_EXERCISE REQUIREMENTS:_ The job is to output each record exactly as it stands, pictures excluded.

++++ PROVIDED ENTRIES

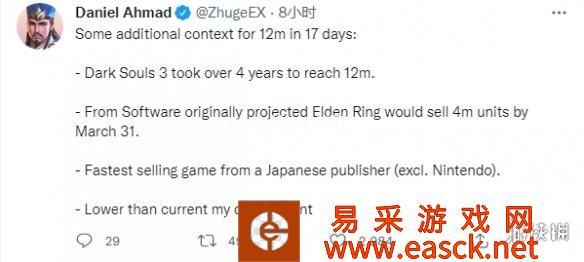 Daniel Ahmad对FromSoftware预测的《艾尔登法环》销量进行了分析:
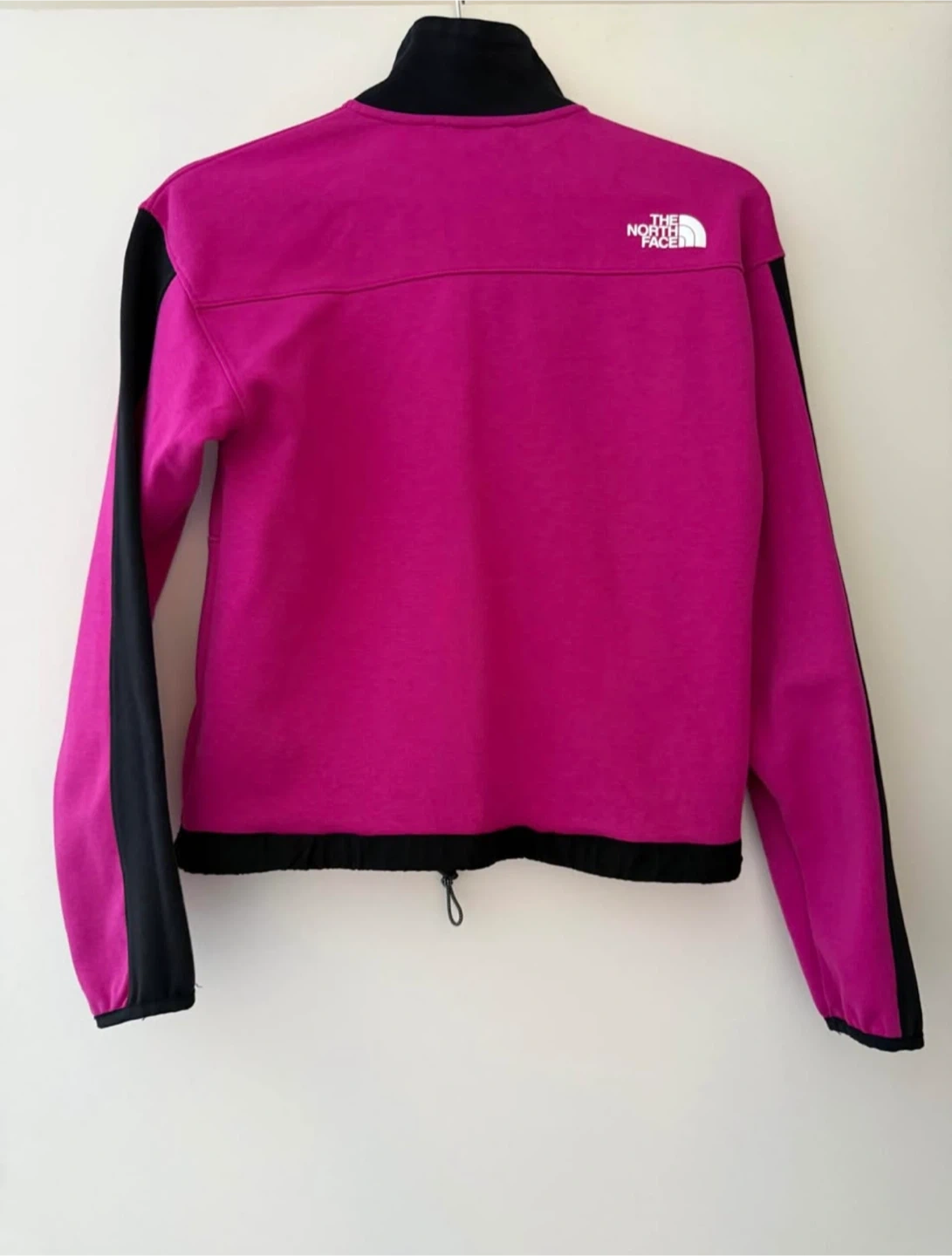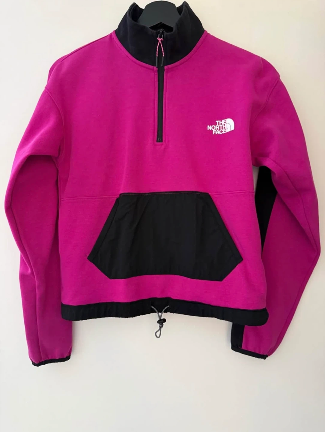 This is a women's fleece quarter-zip jacket from The North Face. It's bright pink with black accents and sleeves. It features a kangaroo pocket on the front. This jacket is great for staying warm during outdoor activities.
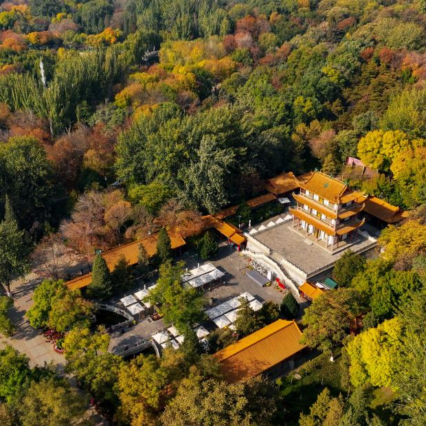 这是10月27日在银川市中山公园文昌阁拍摄的秋景(无人机照片)。
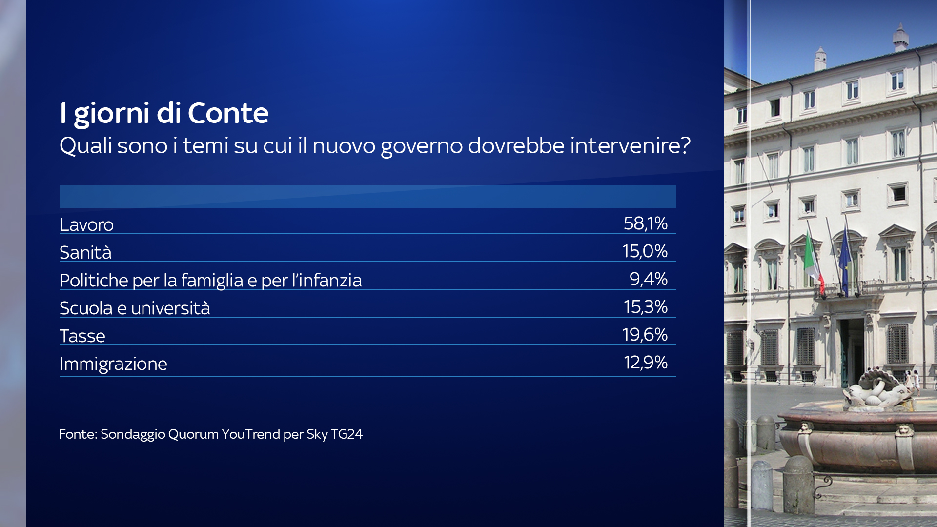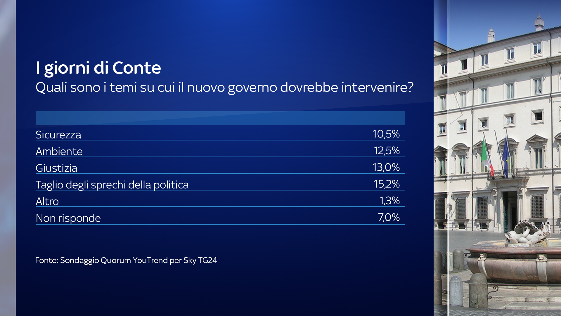 Il tema di gran lunga prioritario per il nuovo governo è il lavoro (58%), seguito dalle tasse (20%). In secondo piano scuola e università (15%), sprechi della politica (15%), sanità (15%), giustizia (13%), immigrazione (13%). Significativo notare come ambiente, una delle tematiche chiave del nuovo Governo, si stanzi solo al 12,5%, davanti a sicurezza (10,5%), ma dietro all’immigrazione (12,9%)
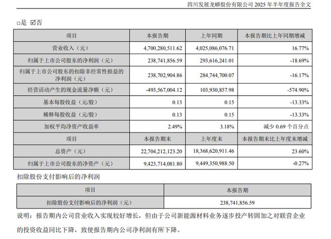 8月19日,川发龙蟒(002312.SZ)披露2025年半年报。公司上半年实现营业收入47亿元,较上年同期增长16.77%;归属于上市公司股东的净利润2.39亿元,基本每股收益0.13元/股。
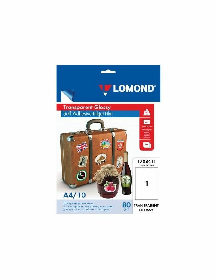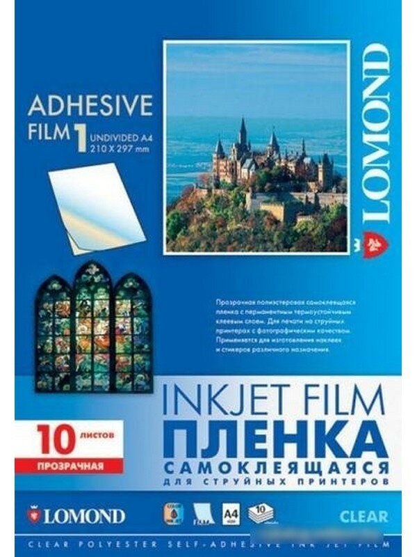 Прозрачная самоклеящаяся плёнка для струйной печати. Контрастное, четкое изображение. Быстро сохнет, прекрасно держит водорастворимые и пигментные чернила.
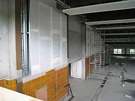Die ersten Wandausfachungen oberhalb der alten Fliesen auf der östlichen Hallenseite sind mit Gipskarton verkleidet und verspachtelt.
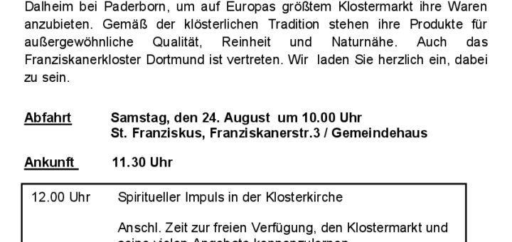 Am 24./25. August findet in Kloster Dalheim Europas größter Klostermarkt statt, bei dem u.a. das Franziskanerkloster Dortmund vertreten ist. Wir laden am Samstag, 24. August zu einer Gemeinde-Fahrt zum Klostermarkt ein. Die Abfahrt ist um 10.00 Uhr ab St. Franziskus, die Rückkehr gegen 19.00 Uhr. Die Kosten von 30,- € für Busfahrt und Eintritt werden...
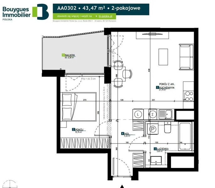 Niewątpliwym atutem samego mieszkania jest dogodny rozkład oraz wielkość pomieszczeń. Salon z aneksem to 22m2 (duży jak na 2 pokoje), daje możliwość ciekawego podziału stref: salonu i kuchni. W mieszkaniu znajduje się sporo miejsca na duże szafy w zabudowie. Zwłaszcza w holu i sypialni.
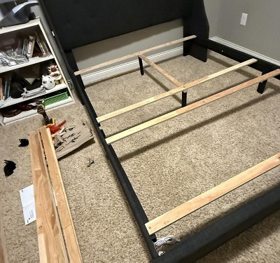 Missing the slats. Got my bed all taken out of my room brought the box in here took everything to find zero slats.
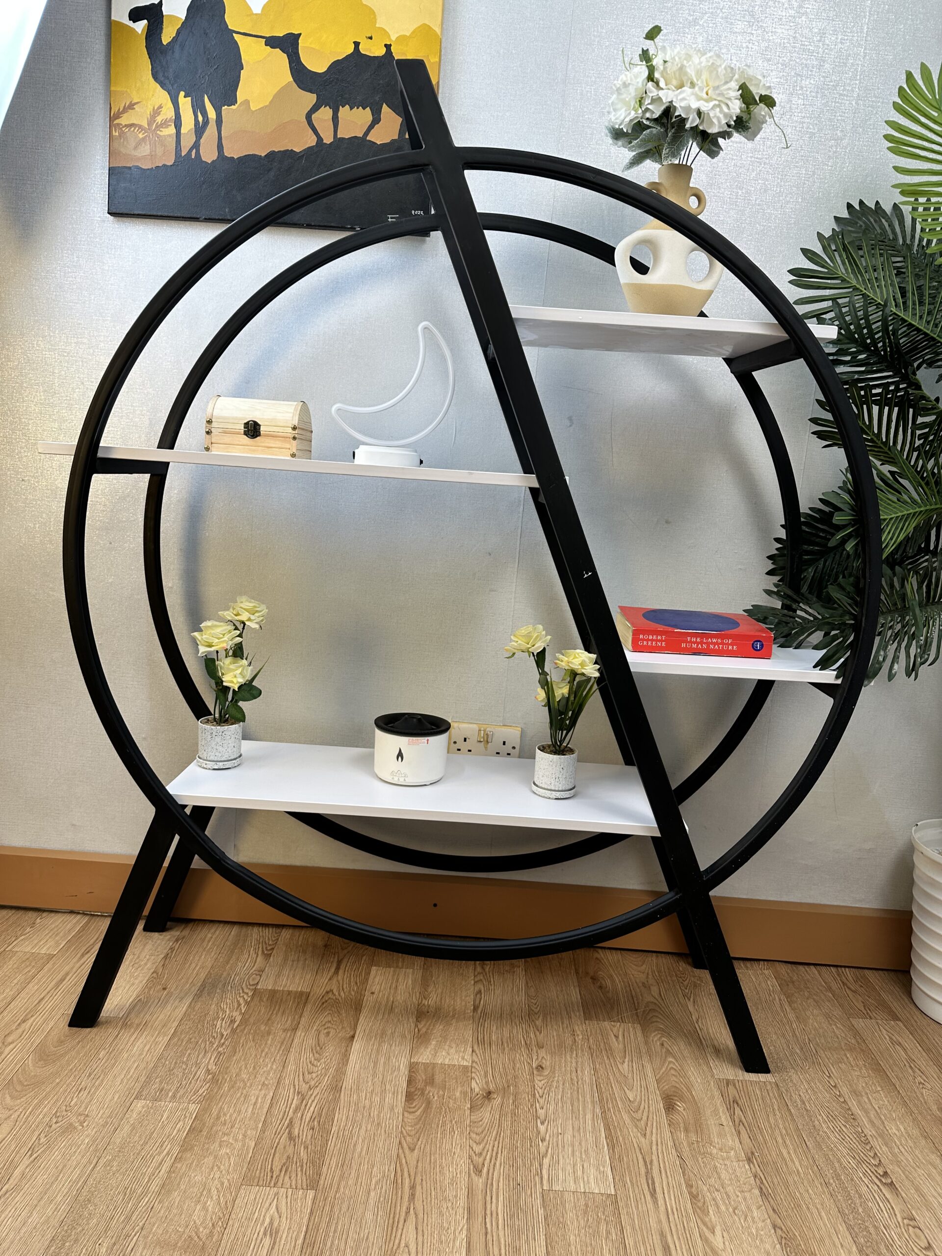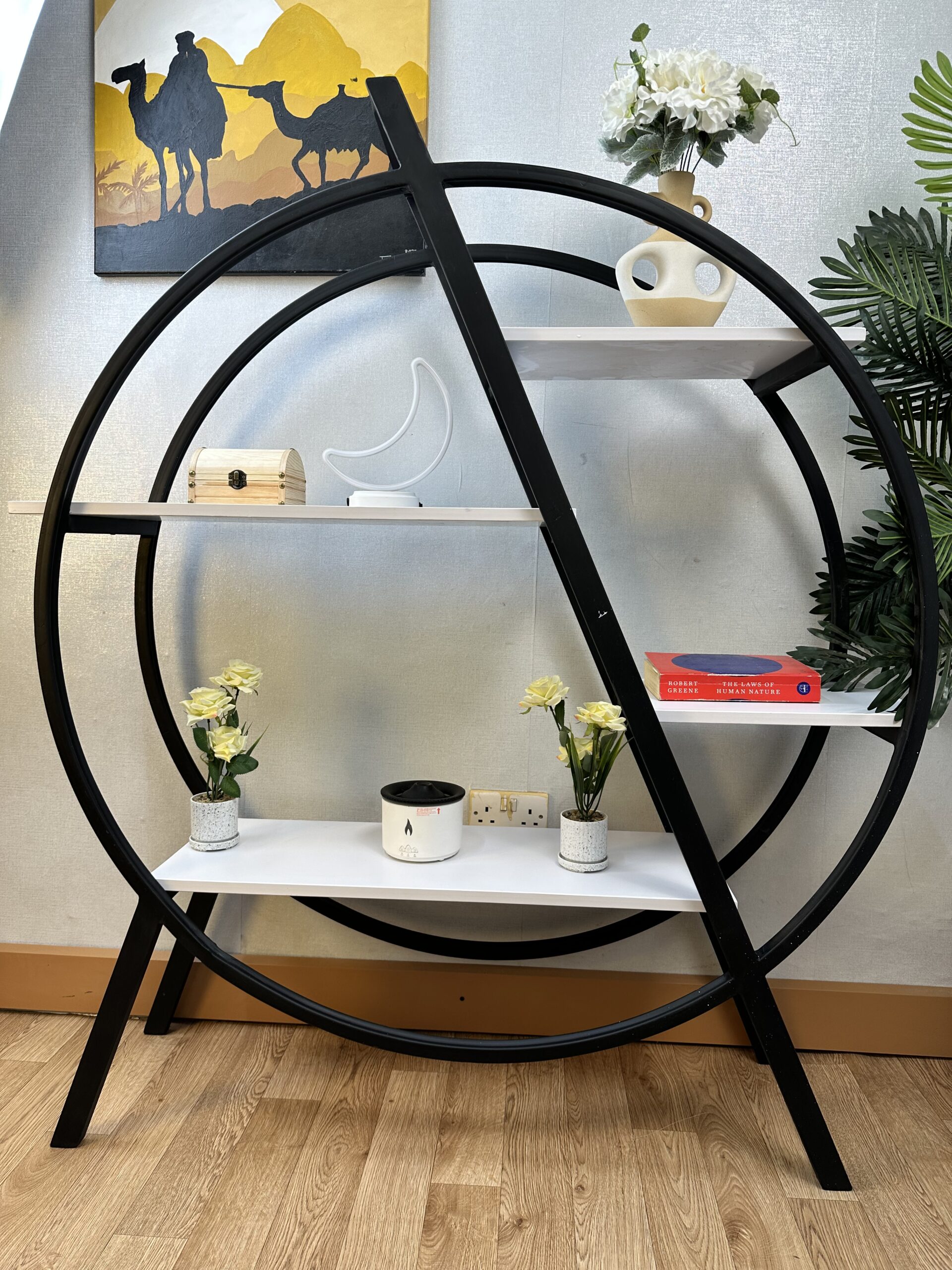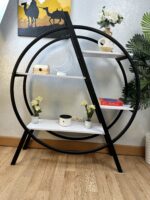 With its balanced 120cm by 120cm structure and 30cm depth, it provides ample space for displaying books, décor, plants, and accessories while maintaining a clean and organized look. The circular metal frame adds a striking visual element, making it ideal for living rooms, offices, and stylish retail spaces.

++++++++

_YOUR RESPONSE:_
 Daniel Ahmad对FromSoftware预测的《艾尔登法环》销量进行了分析:
 This is a women's fleece quarter-zip jacket from The North Face. It's bright pink with black accents and sleeves. It features a kangaroo pocket on the front. This jacket is great for staying warm during outdoor activities.
 这是10月27日在银川市中山公园文昌阁拍摄的秋景(无人机照片)。
 Il tema di gran lunga prioritario per il nuovo governo è il lavoro (58%), seguito dalle tasse (20%). In secondo piano scuola e università (15%), sprechi della politica (15%), sanità (15%), giustizia (13%), immigrazione (13%). Significativo notare come ambiente, una delle tematiche chiave del nuovo Governo, si stanzi solo al 12,5%, davanti a sicurezza (10,5%), ma dietro all’immigrazione (12,9%)
 8月19日,川发龙蟒(002312.SZ)披露2025年半年报。公司上半年实现营业收入47亿元,较上年同期增长16.77%;归属于上市公司股东的净利润2.39亿元,基本每股收益0.13元/股。
 Прозрачная самоклеящаяся плёнка для струйной печати. Контрастное, четкое изображение. Быстро сохнет, прекрасно держит водорастворимые и пигментные чернила.
Die ersten Wandausfachungen oberhalb der alten Fliesen auf der östlichen Hallenseite sind mit Gipskarton verkleidet und verspachtelt.
 Am 24./25. August findet in Kloster Dalheim Europas größter Klostermarkt statt, bei dem u.a. das Franziskanerkloster Dortmund vertreten ist. Wir laden am Samstag, 24. August zu einer Gemeinde-Fahrt zum Klostermarkt ein. Die Abfahrt ist um 10.00 Uhr ab St. Franziskus, die Rückkehr gegen 19.00 Uhr. Die Kosten von 30,- € für Busfahrt und Eintritt werden...
 Niewątpliwym atutem samego mieszkania jest dogodny rozkład oraz wielkość pomieszczeń. Salon z aneksem to 22m2 (duży jak na 2 pokoje), daje możliwość ciekawego podziału stref: salonu i kuchni. W mieszkaniu znajduje się sporo miejsca na duże szafy w zabudowie. Zwłaszcza w holu i sypialni.
 Missing the slats. Got my bed all taken out of my room brought the box in here took everything to find zero slats.
 With its balanced 120cm by 120cm structure and 30cm depth, it provides ample space for displaying books, décor, plants, and accessories while maintaining a clean and organized look. The circular metal frame adds a striking visual element, making it ideal for living rooms, offices, and stylish retail spaces.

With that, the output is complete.